#### ASSIGNMENT:
When you reach the line containing "стал ли Шперов", repeat that line and each one after it exactly until the records end, leaving out pictures.

#### RECORDS SUPPLIED:

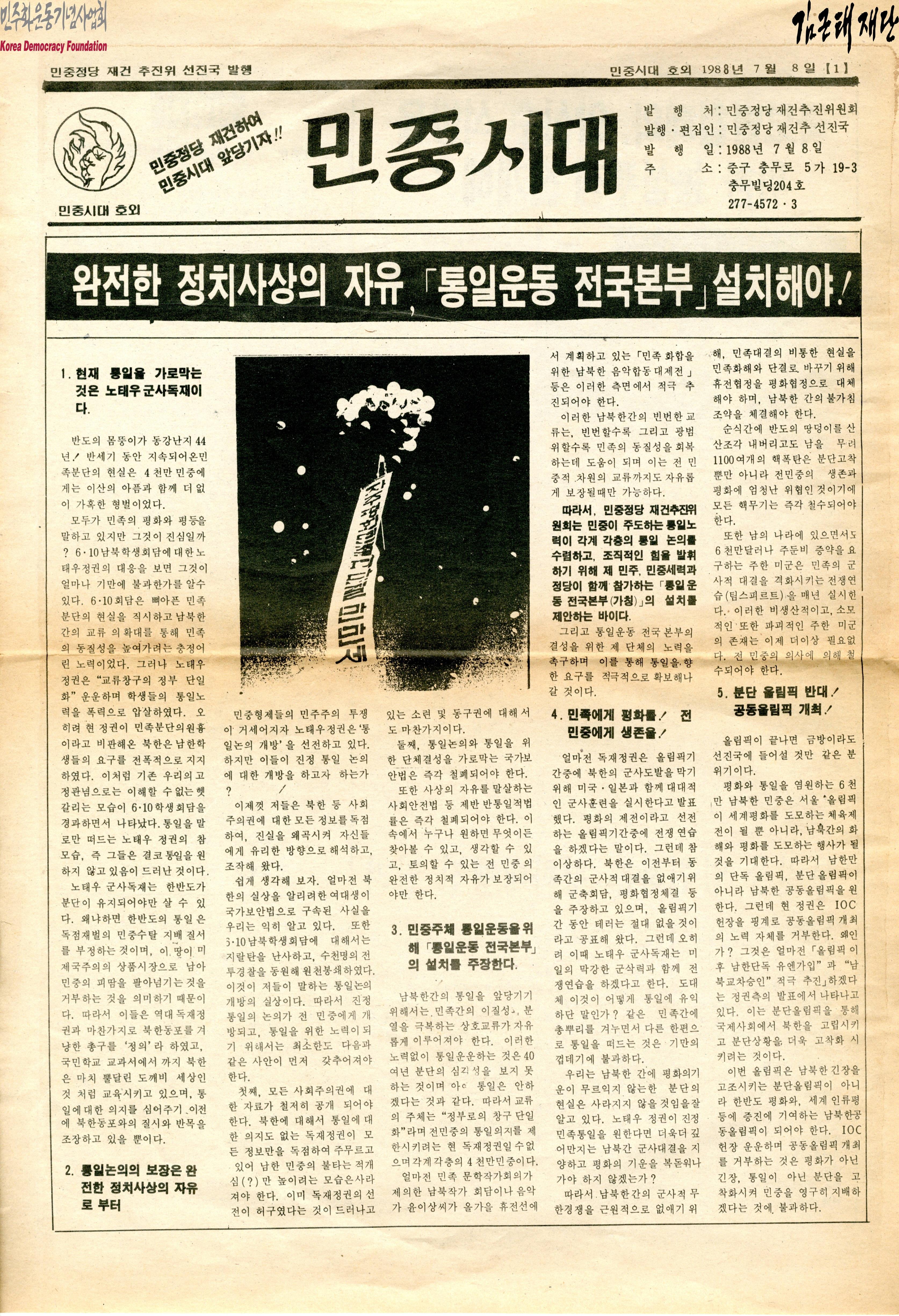 - 1988년 7월 8일 민중정당 재건 추진위 선진국에서 발행한 문서로 민중정당 재건추진위원회가 민중주체 통일운동을 위해 통일운동 전국본부의 설치를 제안하며, 사회안전법, 제반 반통일적법률의 즉각 철폐와 분단올림픽이 아닌 남북한올림픽의 개최를 촉구하는 내용, 노태우의 7.7선언에 대한 재건위의 입장문 등이 포함되어 있음. 김근태가 국보법 철폐 및 양심수 석방을 위한 농성투쟁을 이끌었다는 내용이 포함되어 있음
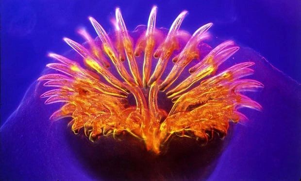 Đầu của một con sán dây. Ấu trùng sán có thể sống sót nếu thức ăn không được nấu chín. Ảnh: PA.
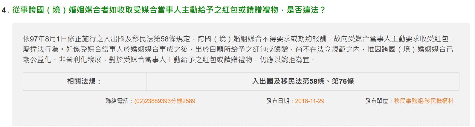 跨國(境)婚姻媒合不得要求或期約報酬。
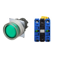 押ボタンスイッチ(φ22), 照光, 金属ベゼル, フルガード形, モーメンタリ, ボタンの色: 緑, IP66, ねじ端子台, 接点構成: NO/点灯ユニット/NO, LEDランプ色: 緑, LEDランプ電圧: AC/DC6V
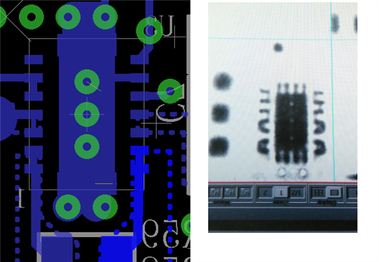 4/ 设计的焊盘封装是根据芯片手册的尺寸来设计,尝试重新设计TPS63020的焊盘,把管脚和GND的距离加大,重新打样,发现问题一样。 下面是新的焊盘图和通过x-ray 透射之后的图。
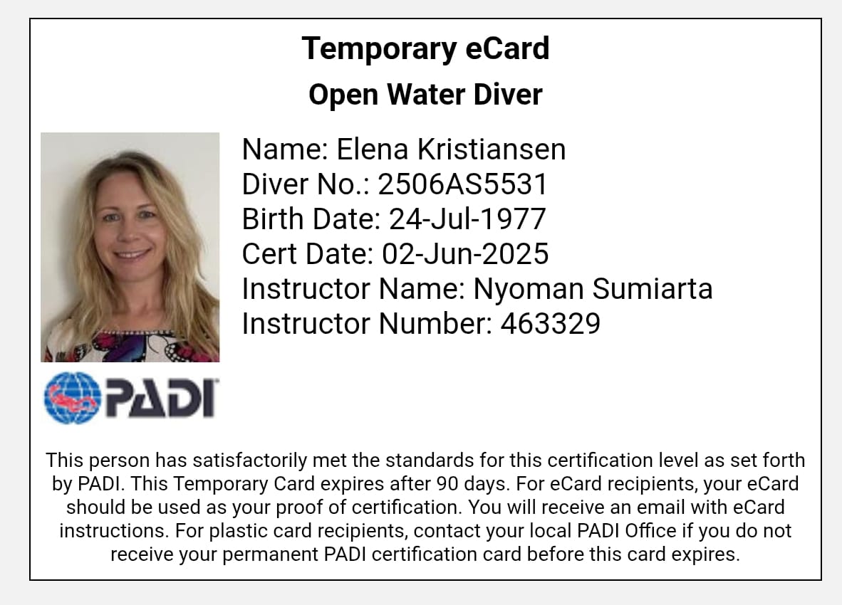 • After completed all these requirement you’ll be certified as open water diver that allow you to dive until maximum depth of 18 meters anywhere in the world.
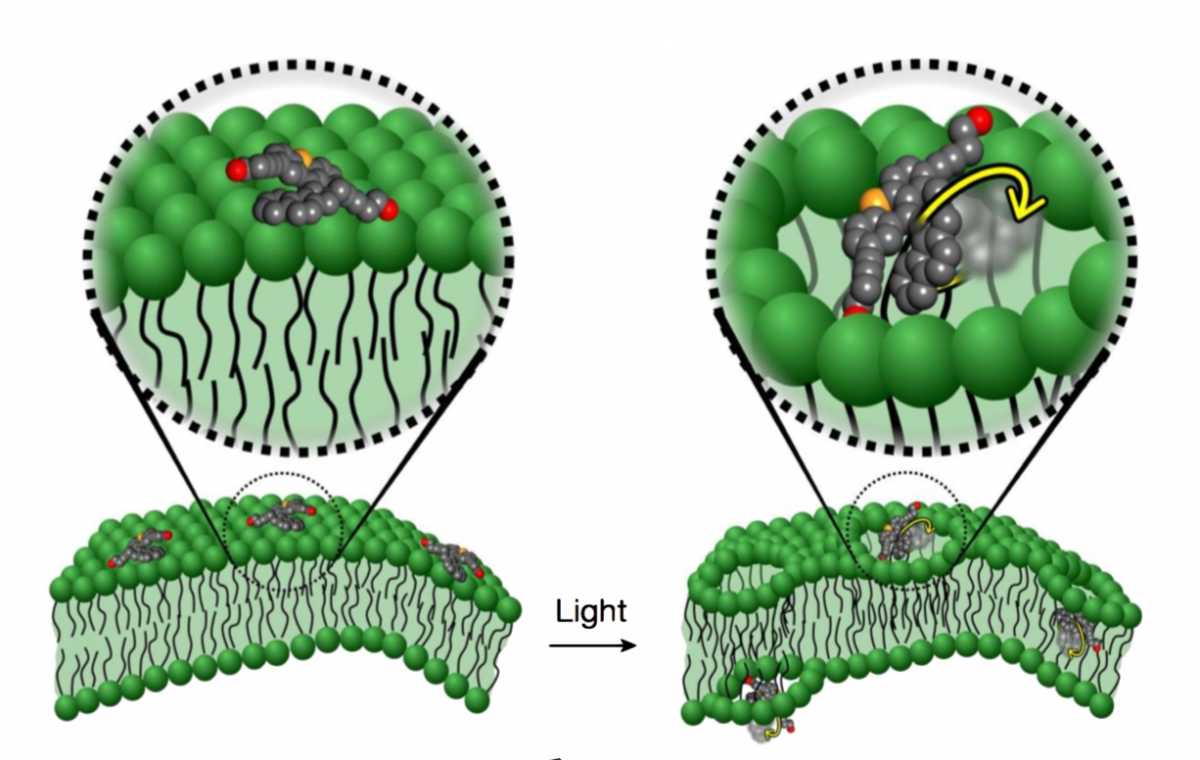 Молекулярна наномашина легко "пробурюється" крізь клітинну мембрану, залишаючи пори й призводячи до загибелі клітини.
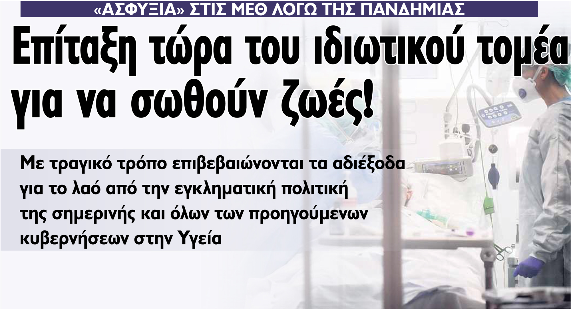 έχει αφήσει τα δημόσια νοσοκομεία χωρίς τα αυτονόητα, αντί να επιτάξει τον
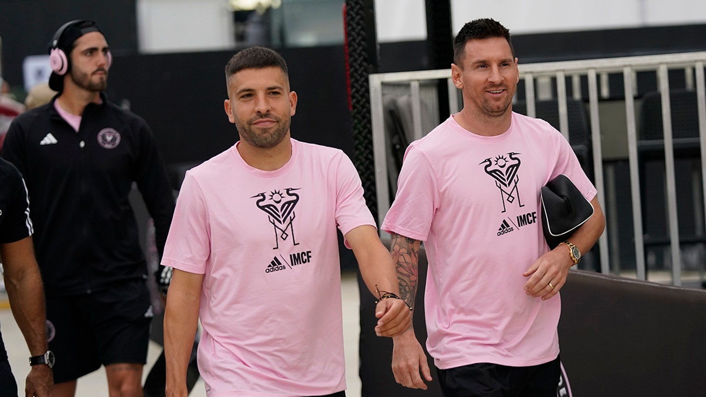 Inter Miami defender Jordi Alba, left and forward Lionel Messi Chat when they arrive before the start of an MLS football match against Toronto FC, Wednesday 20 September 2023, in Fort Lauderdale, Florida. (Wilfredo Lee/AP Photo)
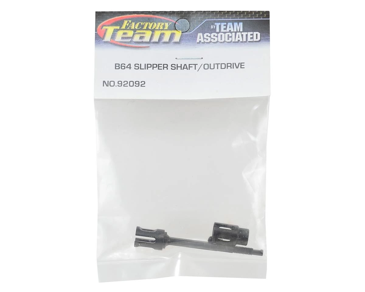 Team Associated B64 Factory Team Slipper Shaft & Outdrive. Package includes one slipper shaft and one outdrive.
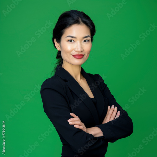 lifestyle photo Happy, arms crossed and portrait of woman on green screen for confident, fashion and elegant Asian American.
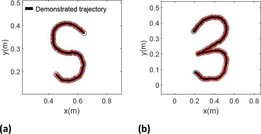 Two distinct demonstrations performed by human subject, depicting variations in movement patterns traced during demonstrations. (a) S-shaped pattern; (b) ’3’-shaped pattern
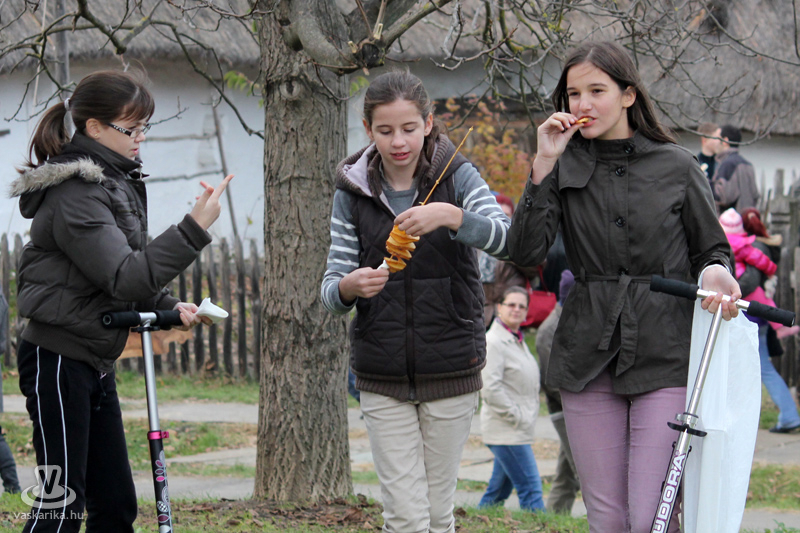 Napfényes, meleg idő aranyozta be a Szent Márton-napi vásár utolsó napját. Az ebédidő elteltével megtöltötték a családok a Múzeumfalu dimbes-dombos lankáit, ahol nagyszerű családi programok várták őket. A kicsik kerámiát festettek, gólyalábon egyensúlyoztak, és "kifosztották" az árusokat. Így futkorásztak fel-alá a kis kincsekkel, míg a nagyok, és a szülők megpihenhettek egy-egy pohár forralt bor társaságában a gyönyörű, hagyományhű környezetben.
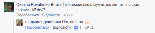 На уточнение "Украинской правды", не стал ли Шперов членом ПАЧЭС, Денисова ответила: "Нет, не стал".
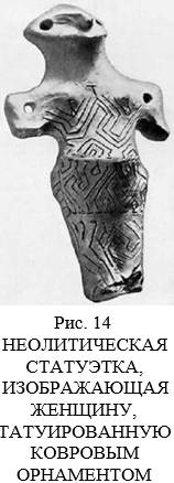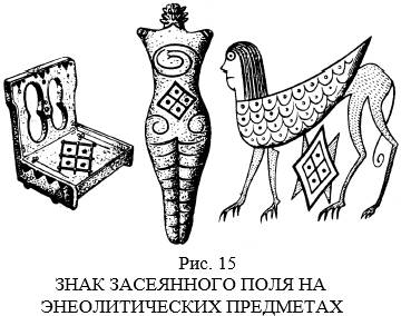 «Ромб появился в позднепалеолитическом искусстве как сознательное воспроизведение рисунка мамонтовой кости, как обобщенный символ мамонта-блага. Осмысление рисунка дентина было, надо полагать, таким же повсеместным, как повсеместна была охота на мамонта. При посредстве ритуальной татуировки (когда простенькие печатки создавали на теле очень сложные варианты меандрового узора) ромбический орнамент пережил бытование мамонтовой кости и дожил до земледельческой эпохи. В земледельческих культурах Европы ромбо-меандровый орнамент применялся и как магический общий фон на ритуальных предметах, и как отдельный знак, обособленный символ плодородия. Тот знак "засеянного поля", с которого мы начали первый экскурс в глубину памяти, оказался не первоначальным, не самым древним, а одним из последующих звеньев той длинной цепи, начало которой уводит нас еще на несколько тысячелетий вглубь. Ромбический знак, известный во многих вариантах, выражал земледельческую идею земного, растительного плодородия; ромб оброс по углам отростками (ромб с крючками), в чем сказалась его новая, аграрная сущность»12.
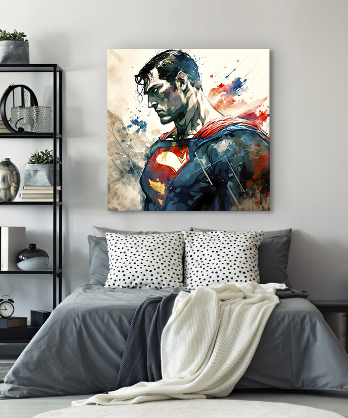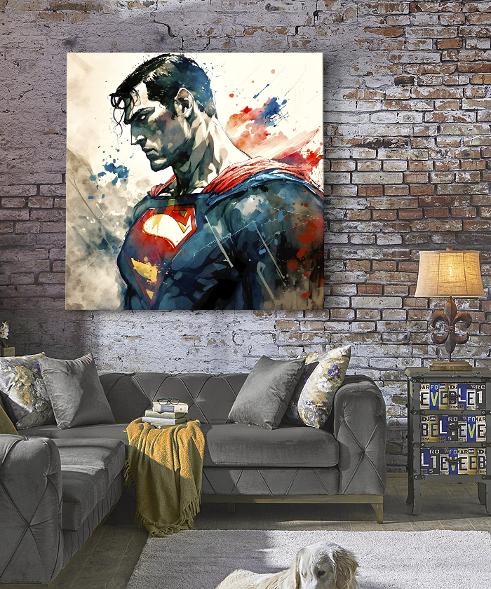 Chez Tableau Déco, nous réalisons tous les visuels de nos tableaux décoratifs. Notre métier, c’est aussi la création artistique. Ainsi, vous ne retrouverez nos tableaux nulle part ailleurs. Nous fabriquons ce tableau déco portrait Superman aquarelle pastel en France, dans notre atelier de région parisienne.

#### WRITTEN RESPONSE:
 На уточнение "Украинской правды", не стал ли Шперов членом ПАЧЭС, Денисова ответила: "Нет, не стал".
 «Ромб появился в позднепалеолитическом искусстве как сознательное воспроизведение рисунка мамонтовой кости, как обобщенный символ мамонта-блага. Осмысление рисунка дентина было, надо полагать, таким же повсеместным, как повсеместна была охота на мамонта. При посредстве ритуальной татуировки (когда простенькие печатки создавали на теле очень сложные варианты меандрового узора) ромбический орнамент пережил бытование мамонтовой кости и дожил до земледельческой эпохи. В земледельческих культурах Европы ромбо-меандровый орнамент применялся и как магический общий фон на ритуальных предметах, и как отдельный знак, обособленный символ плодородия. Тот знак "засеянного поля", с которого мы начали первый экскурс в глубину памяти, оказался не первоначальным, не самым древним, а одним из последующих звеньев той длинной цепи, начало которой уводит нас еще на несколько тысячелетий вглубь. Ромбический знак, известный во многих вариантах, выражал земледельческую идею земного, растительного плодородия; ромб оброс по углам отростками (ромб с крючками), в чем сказалась его новая, аграрная сущность»12.
 Chez Tableau Déco, nous réalisons tous les visuels de nos tableaux décoratifs. Notre métier, c’est aussi la création artistique. Ainsi, vous ne retrouverez nos tableaux nulle part ailleurs. Nous fabriquons ce tableau déco portrait Superman aquarelle pastel en France, dans notre atelier de région parisienne.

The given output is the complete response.